- [SUPPLIED INFORMATION]:

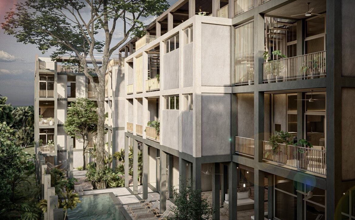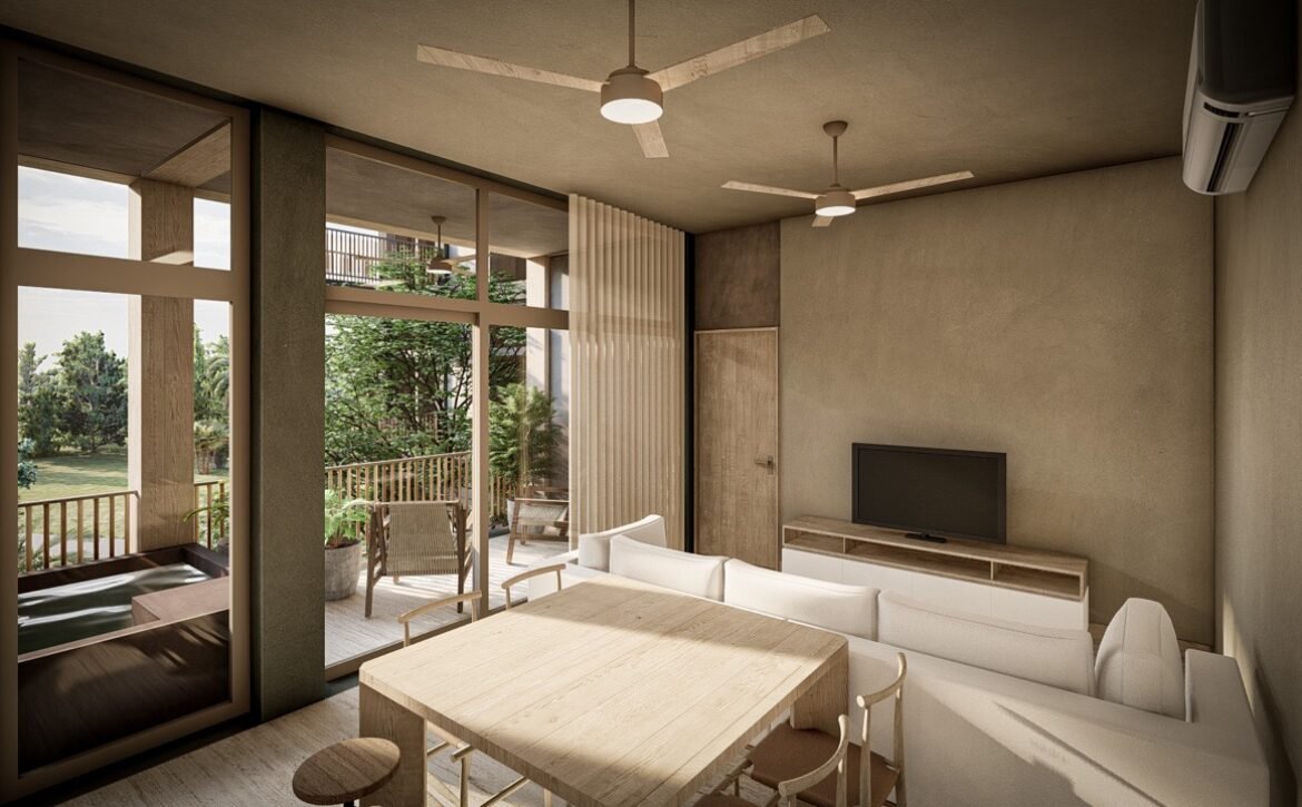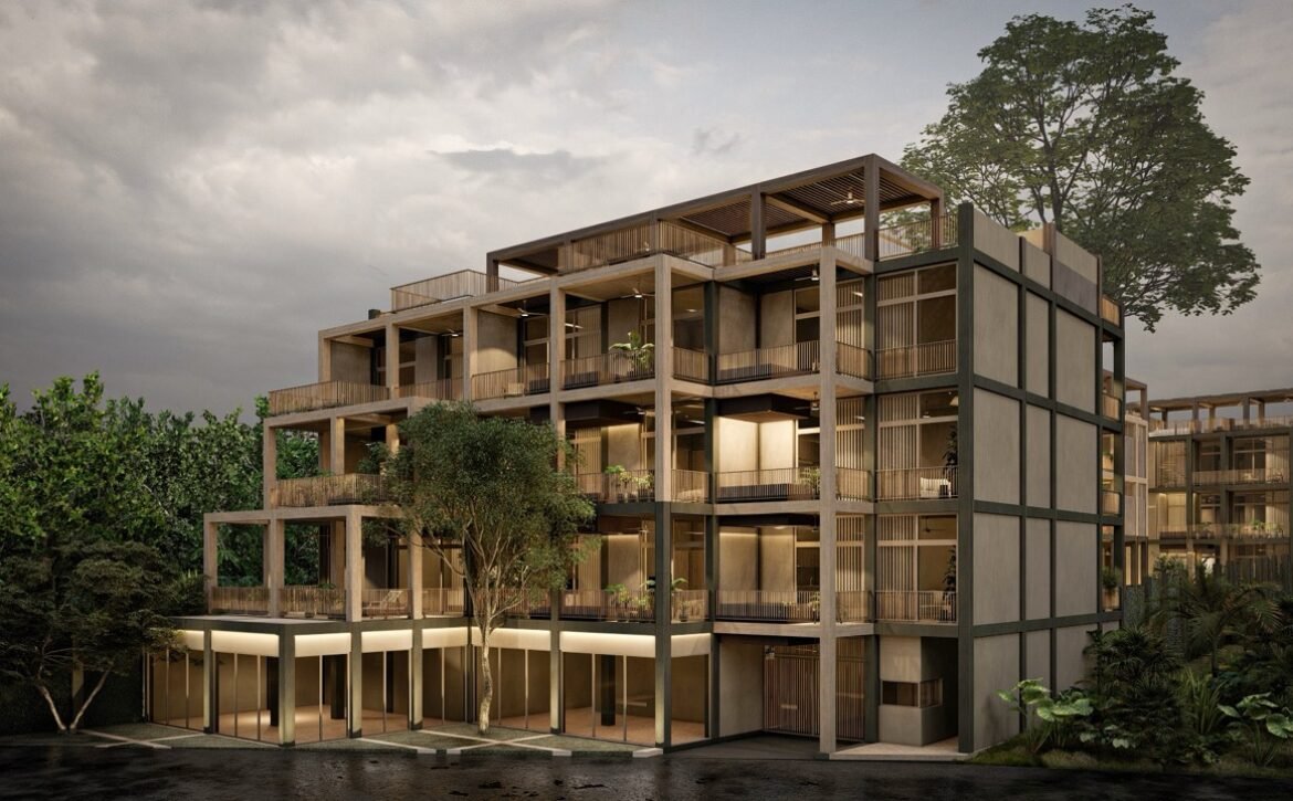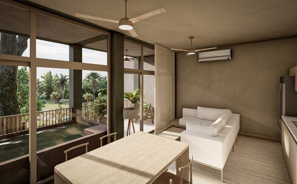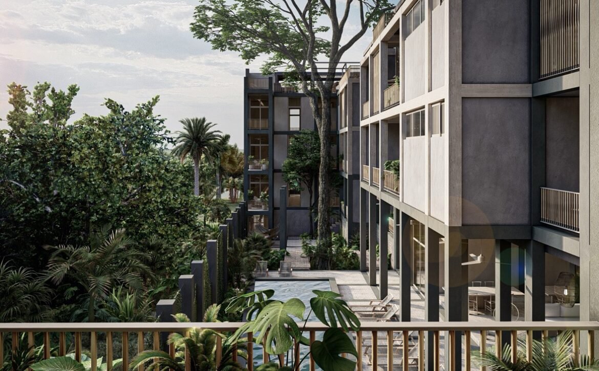 CEIBA offers amenities that elevate everyday living, including a main swimming pool at ground level, rooftop pools with panoramic lagoon views, sunbed areas, covered social lounges, hammock zones, coworking spaces, a fully equipped gym, pétanque courts, and lush interior gardens centered around a majestic ceiba tree, symbolizing balance and connection. The development also includes parking facilities and commercial units with terraces that complement its urban-residential character.
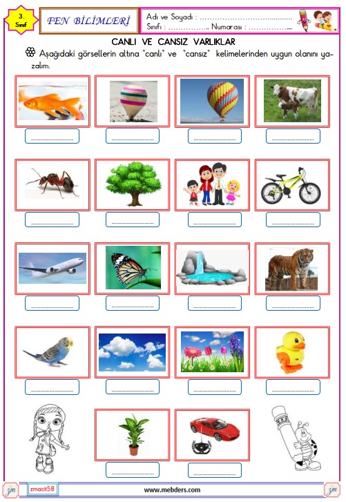 3. Sınıf Fen Bilimleri Canlı ve Cansız Varlıklar Etkinliği
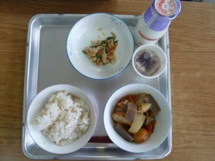 麦ごはん、関東煮、五色あえ、牛乳、納豆でした。
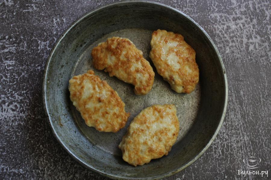 6. Жарить котлеты на сковороде с разогретым растительным маслом. Жарить по 3-4 минуты с каждой стороны. Формировать котлеты удобно столовой ложкой.
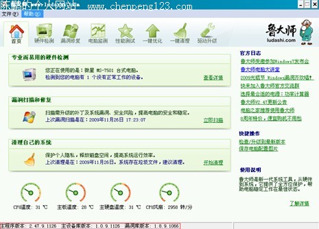 时下,电脑已经成为人们生活、工作甚至情感不可分割的部分,今天似乎很难想象没了电脑世界将变成什么样子。当我们对电脑的依赖性越来越强的时候,电脑毛病也似乎越来越猖獗,各种硬件软件问题、病毒、木马等问题让人伤透了脑筋。鲁大师的出现,着实让各位电脑使用者们欣喜再欣喜,因为它能让电脑免除感冒的烦恼,让大家一起去试试它的效果!
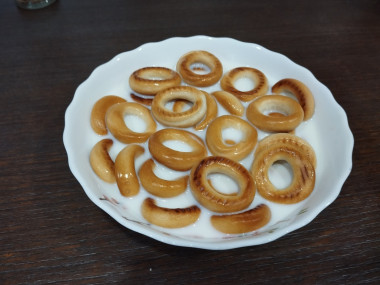 Бублики выложите в глубокую емкость и залейте теплым молоком, но не гарячим, иначе сушки могут превратиться в кашу. Оставьте их примерно на 10-15 минут (время зависит от размера и толщины изделий). Бублики должны стать мягче. Важно следить, чтобы они сохранили свою форму и не расползлись. Переворачивайте время от времени бублики, чтобы они размочились одинаково со всех сторон. После чего выложите их на бумажные полотенца, чтобы стекло все лишнее молоко.
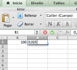 Ahora vamos a colocar en la celda A1 el valor inicial o valor de la compra, pero como el ejercicio no nos lo da ya que esto es lo que se esta buscando, digitaremos un valor cualquiera que sera provisional, en nuestro caso colocaremos 100 y en la celda B1 colocaremos la tasa de interés
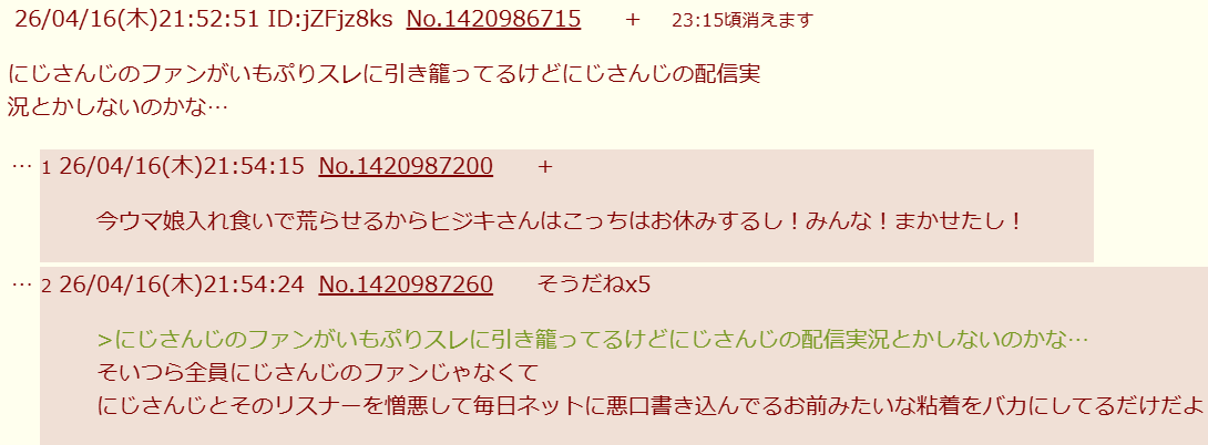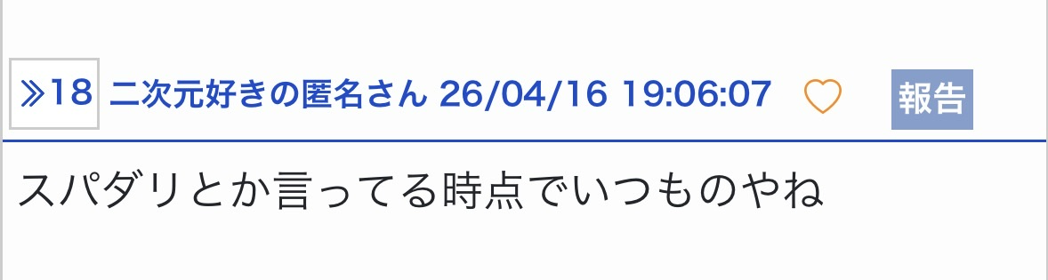 | … | 2026/04/18(土)19:41:05No.1421555908そうだねx3やりたいのは粘着だから別に乗ってもらいたいわけでもないのが凄い |
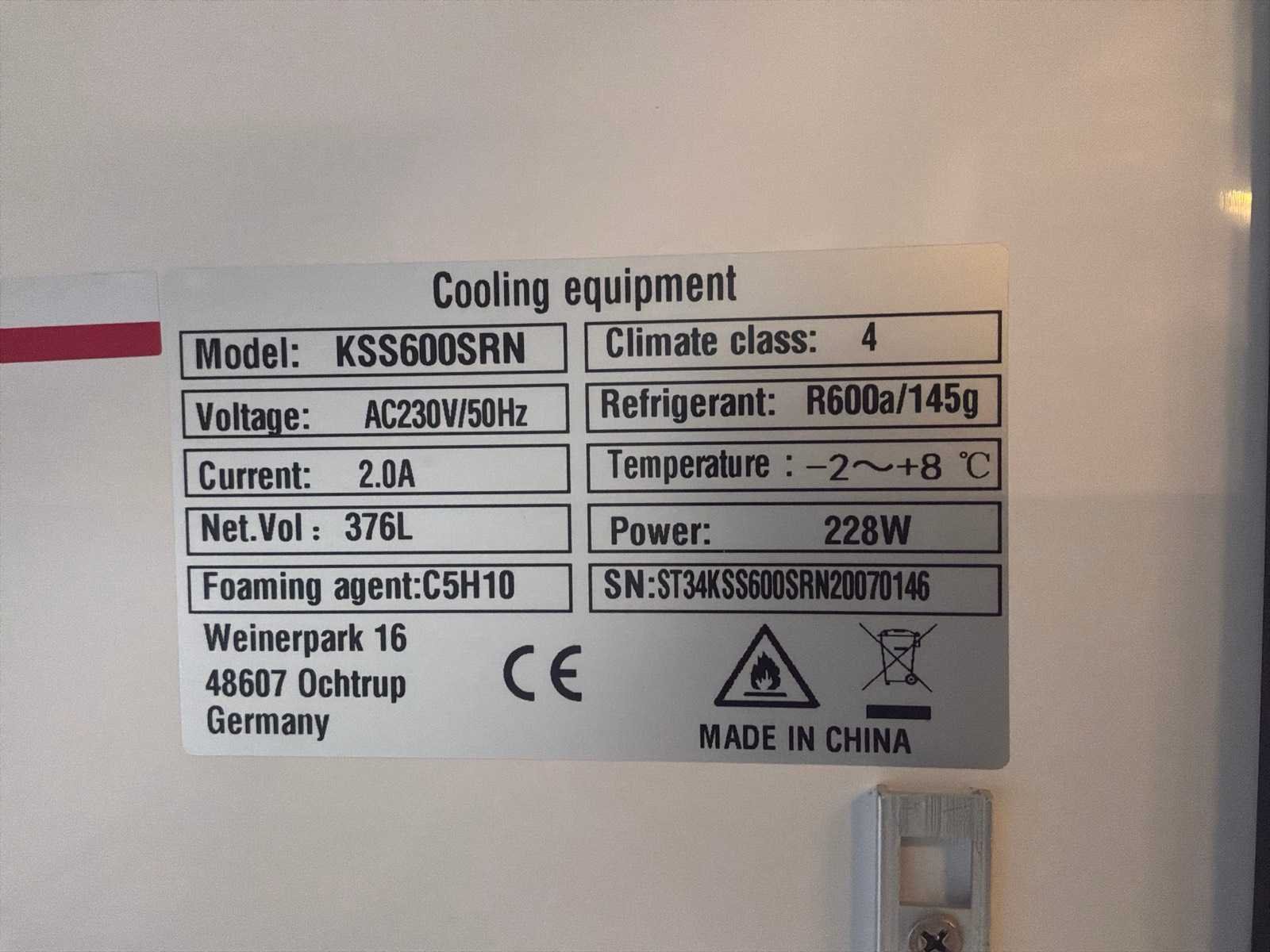 Nee Merk: GGMGASTRO Type: KSS600SRN Serienummer: ST34KSS600SRN20070146 Aansluiting: 230V Totale afmeting L: 730mm Totale afmeting Breedte: 780mm Totale afmeting Hoogte: 1850mm
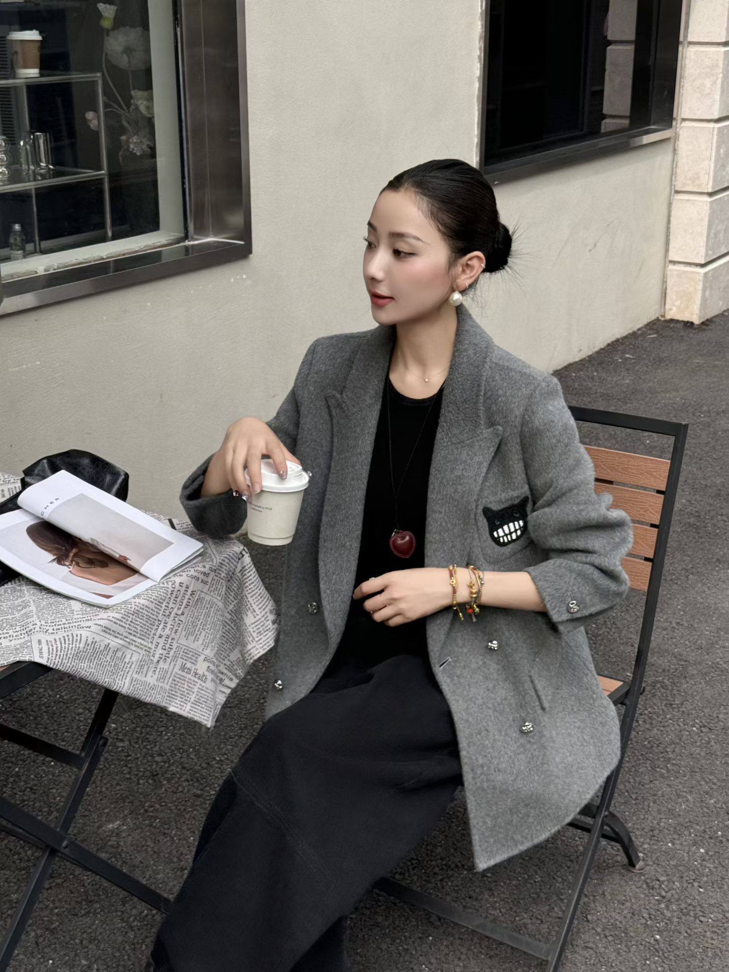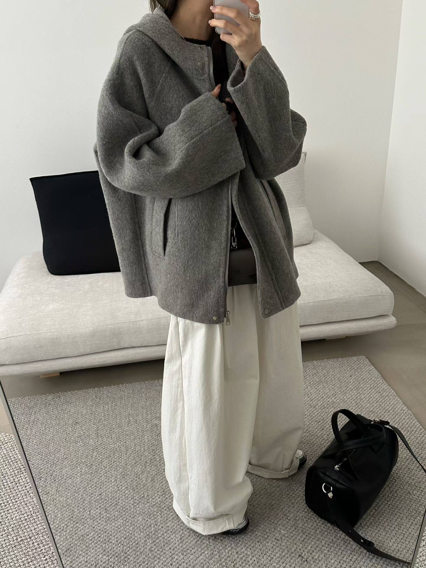 - 黑色大衣茧型
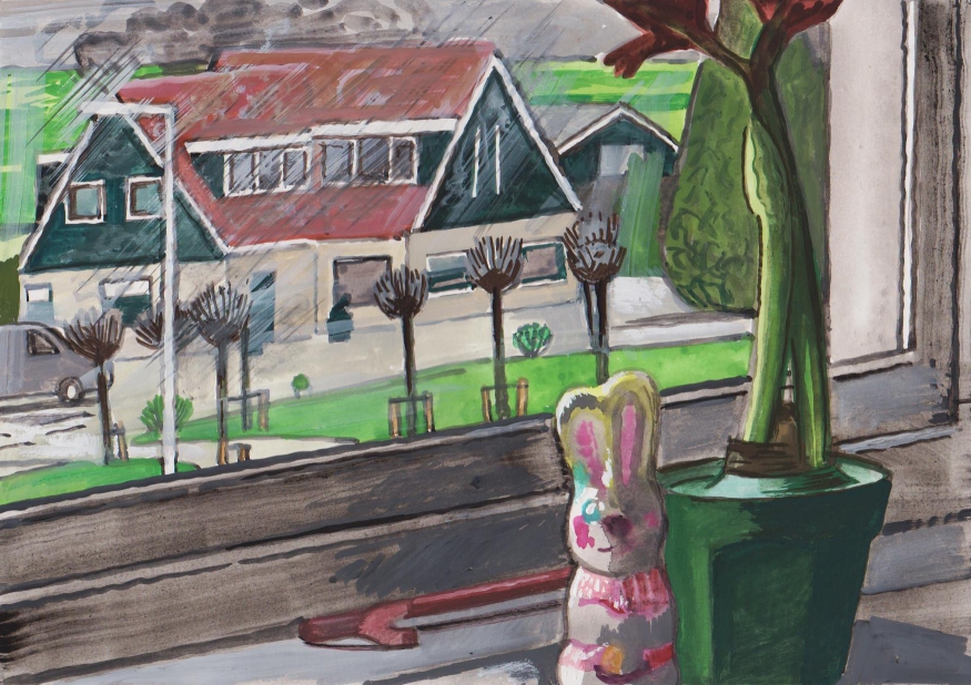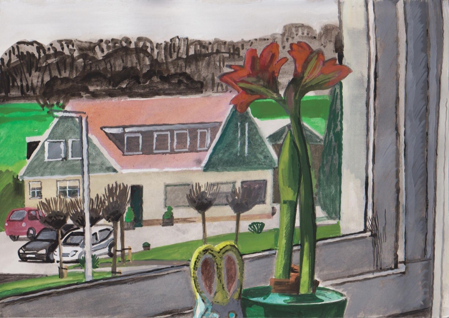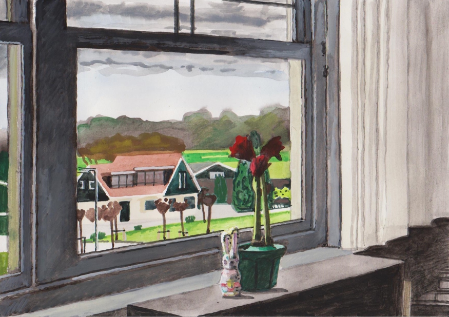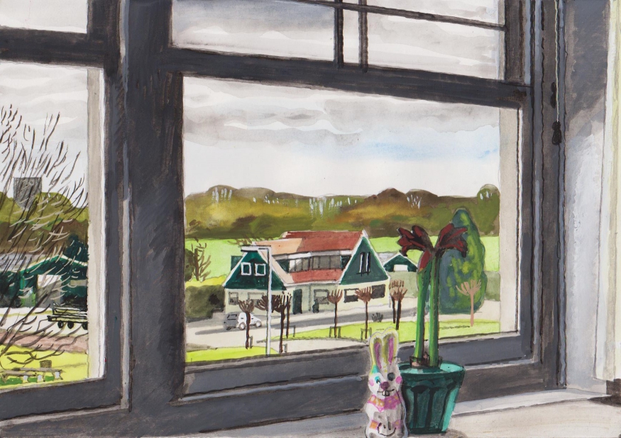 Sinds 1999 schilder ik elke dag, indien aanwezig, het uitzicht uit mijn atelierraam. Formaat (A4), techniek (gouache), tijd (17.00 uur), plaats in het atelier en kijkrichting liggen vast. Soms is ook de vensterbank te zien met de dingen die zich daar op hebben verzameld. OVER HET BOEK 'MIJN UITZICHT OM 17.00 UUR': ZIE 'Boeken' Every day, if present, I paint the view from my studio window. Size (A4), technique (watercolour), time (5 p.m.), position in the studio and the direction in which I look are fixed. Sometimes the windowsill can be seen with the different objects which have gathered there through time. ABOUT THE BOOK 'MY VIEW AT 5 P.M.' (WITH ENGLISH TEXT): SEE 'Books'
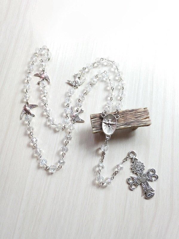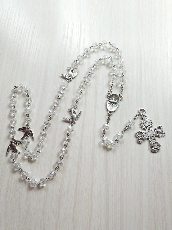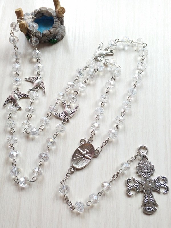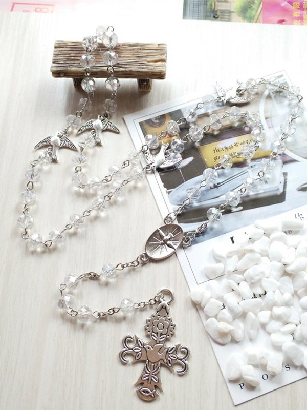 Collar de cuentas largas con colgante de cruz de paloma

- [WORK TASK]:
Your answer must be an exact copy of the records above, with no pictures included.

- [RESULT FOR THIS EXERCISE]:
 CEIBA offers amenities that elevate everyday living, including a main swimming pool at ground level, rooftop pools with panoramic lagoon views, sunbed areas, covered social lounges, hammock zones, coworking spaces, a fully equipped gym, pétanque courts, and lush interior gardens centered around a majestic ceiba tree, symbolizing balance and connection. The development also includes parking facilities and commercial units with terraces that complement its urban-residential character.
 3. Sınıf Fen Bilimleri Canlı ve Cansız Varlıklar Etkinliği
 麦ごはん、関東煮、五色あえ、牛乳、納豆でした。
 6. Жарить котлеты на сковороде с разогретым растительным маслом. Жарить по 3-4 минуты с каждой стороны. Формировать котлеты удобно столовой ложкой.
 时下,电脑已经成为人们生活、工作甚至情感不可分割的部分,今天似乎很难想象没了电脑世界将变成什么样子。当我们对电脑的依赖性越来越强的时候,电脑毛病也似乎越来越猖獗,各种硬件软件问题、病毒、木马等问题让人伤透了脑筋。鲁大师的出现,着实让各位电脑使用者们欣喜再欣喜,因为它能让电脑免除感冒的烦恼,让大家一起去试试它的效果!
 Бублики выложите в глубокую емкость и залейте теплым молоком, но не гарячим, иначе сушки могут превратиться в кашу. Оставьте их примерно на 10-15 минут (время зависит от размера и толщины изделий). Бублики должны стать мягче. Важно следить, чтобы они сохранили свою форму и не расползлись. Переворачивайте время от времени бублики, чтобы они размочились одинаково со всех сторон. После чего выложите их на бумажные полотенца, чтобы стекло все лишнее молоко.
 Ahora vamos a colocar en la celda A1 el valor inicial o valor de la compra, pero como el ejercicio no nos lo da ya que esto es lo que se esta buscando, digitaremos un valor cualquiera que sera provisional, en nuestro caso colocaremos 100 y en la celda B1 colocaremos la tasa de interés
 | … | 2026/04/18(土)19:41:05No.1421555908そうだねx3やりたいのは粘着だから別に乗ってもらいたいわけでもないのが凄い |
 Nee Merk: GGMGASTRO Type: KSS600SRN Serienummer: ST34KSS600SRN20070146 Aansluiting: 230V Totale afmeting L: 730mm Totale afmeting Breedte: 780mm Totale afmeting Hoogte: 1850mm
 - 黑色大衣茧型
 Sinds 1999 schilder ik elke dag, indien aanwezig, het uitzicht uit mijn atelierraam. Formaat (A4), techniek (gouache), tijd (17.00 uur), plaats in het atelier en kijkrichting liggen vast. Soms is ook de vensterbank te zien met de dingen die zich daar op hebben verzameld. OVER HET BOEK 'MIJN UITZICHT OM 17.00 UUR': ZIE 'Boeken' Every day, if present, I paint the view from my studio window. Size (A4), technique (watercolour), time (5 p.m.), position in the studio and the direction in which I look are fixed. Sometimes the windowsill can be seen with the different objects which have gathered there through time. ABOUT THE BOOK 'MY VIEW AT 5 P.M.' (WITH ENGLISH TEXT): SEE 'Books'
 Collar de cuentas largas con colgante de cruz de paloma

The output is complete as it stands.